Results on synthetic noisy datasets. Table 1, Table 2, Table 3 and Table 6 show the detailed results of the proposed CREMA and other methods in multiple synthetic noisy cases on four widely used datasets, i.e., MNIST, CIFAR-10, CIFAR-100 IMDB. Specifically, four state-of-the-art LNL methods that are highly related to our work are chosen for comparison: PENCIL [48], Co-teaching [10], Co-teaching+ [49], JoCoR [45]. Standard DNN training with cross entropy is also included as baseline. All the results of these methods are reproduced with their public code and suggested hyper-parameters for fair comparison. From these tables, we can observe that most of these methods show better performance than Standard in the most natural Symmetry-20% case, except for PENCIL on IMDB dataset, which verifies their robustness. Among them, JoCoR performs much better over other compared methods. However, when it comes to Pairflip-40% and Pairflip-45% noisy cases on image datasets, their performance drops significantly. On the contrary, the proposed CREMA can achieve consistent improvements over other methods on four benchmarks across various noise settings. In the Pairflip-40% and Pairflip-45% cases, the proposed method outperforms other baselines by a large margin. Specifically, CREMA can achieve 16.44% and 25.26% improvement in accuracy over JoCoR on CIFAR-10. When dealing with extremely noisy scenario, e.g. Symmetry-80%, CREMA can also perform generally better than other compared methods.The result demonstrates the superiority and generality of the proposed robust learning method across various types and levels of label noise on multimedia (i.e., image and text) datasets.

Results on real-world noisy datasets. Experiments on real-world noisy datasets Clothing1M [46], Animal-10N [36] are also conducted to verify the effectiveness of the proposed method. The baseline methods are chosen from recently proposed LNL methods. Specifically, several loss adjustment methods, including GCE [55], IMAE [42], SCE [44], DM [43], F-correction [29], M-correction [1], Masking [9], ActiveBias [4], label correction methods, including Joint-Optim [37], PENCIL [48], Self-Learning [11], PLC [54], ProSelfLC [41] noisy sample detection approaches, including Co-teaching [10], JoCoR [45], C2D [57], DivideMix [16] and a hybrid method SELFIE [36] are compared with the proposed method. Table 6 and Table 6 show results on two real-world noisy datasets respectively. On the large-scale Clothing1M dataset, CREMA outperforms all compared methods. Note that CREMA follows the standard DNN training procedure, and is similar to other co-training methods [10, 49, 45] in terms of training time since the time cost for sample credibility modeling is negligible compared with DNN update. It is worth noting that the proposed method outperforms these co-teaching methods by a large margin. Indicating that the discarded samples by co-teaching methods are actually valuable, and CREMA well utilized all training samples. The best test accuracy is achieved by CREMA among the compared methods in Animal-10N as well. The results indicate that the proposed method can work well on high noise level (i.e., Clothing1M) and fine-grained (i.e., Animal-10N) real-world noisy datasets.

Method	Test Accuracy (%)
Baseline	72.81
+ Selective label update	73.25
+ Sequential likelihood	74.00
+ Stability measurement	74.53

Table 7: Ablation studies of each component within CREMA on Clothing1M dataset.

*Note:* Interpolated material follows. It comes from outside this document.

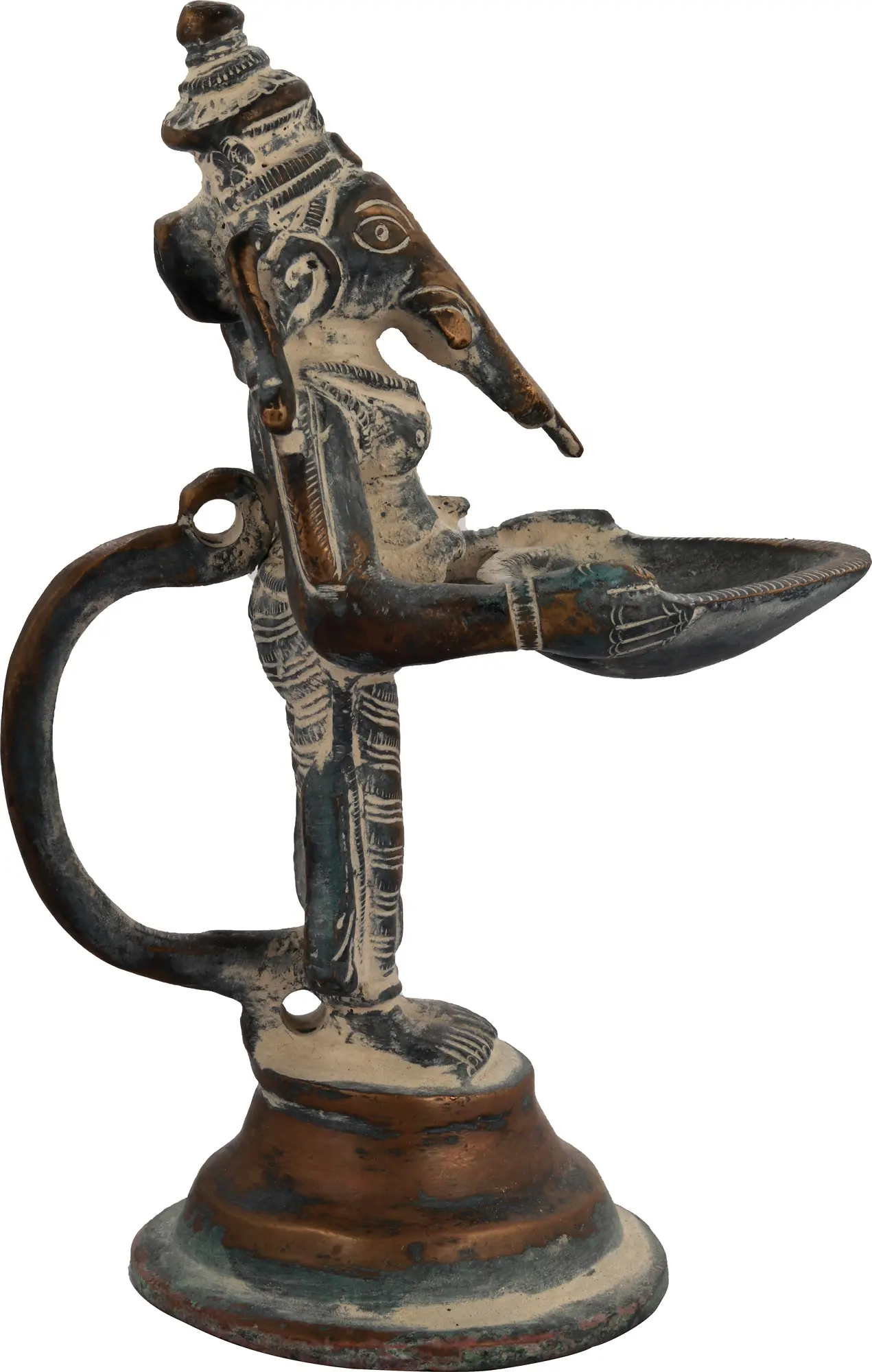 This auspicious brass lamp is blessed with the image of Lord Ganesha. He is standing, holding one lamp in his hand as if blessing the devotees with knowledge and wisdom. The structure of the lamp is roughly inspired by the Deepalakshmi. There is a handle attached to the main figure to allow the devotee to have a comfortable grip for aarti.

Estimator	Test Accuracy (%)
BMM	74.09
GMM	74.53

Table 8: Investigations on different mixture models on Clothing1M dataset.

Length of sequence $n$	1	2	3	4	5	6
Test Accuracy (%)	73.25	73.99	74.53	74.40	74.27	73.96

Table 9: Investigations on length of sequence

n

on Clothing1M dataset.

4.3 Ablation studies

$\bullet$ Component Analysis. CREMA contains several important components, including selective label learning strategy, sequential likelihood $\log{P\left(\mathbf{L}^{n}_{t}|\mathbf{f}_{t-n},y\right)}$ and stability measurement $C(\mathbf{L}^{n}_{t},y)$ . To verify the effectiveness of each component, we conduct experiments on large-scale noisy dataset Clothing1M. The baseline method is built upon a simple co-teaching framework [45] combined with global label correction schemes (as in [48]), without the credibility guided loss adjustment strategy. The results are shown in Table 8, we can see that, conform to the observation in Fig. 3, the proposed selective label learning strategy achieves better results compared with the global correction counterpart. The sequential likelihood and stability measurement further boost the model performance with 0.75% and 0.53% accuracy gain, this indicates that the proposed sequential sample credibility modeling can effectively combat hard noisy samples mixed with clean ones. With all the three key components above, CREMA can achieve 74.53% test accuracy on Clothing1M.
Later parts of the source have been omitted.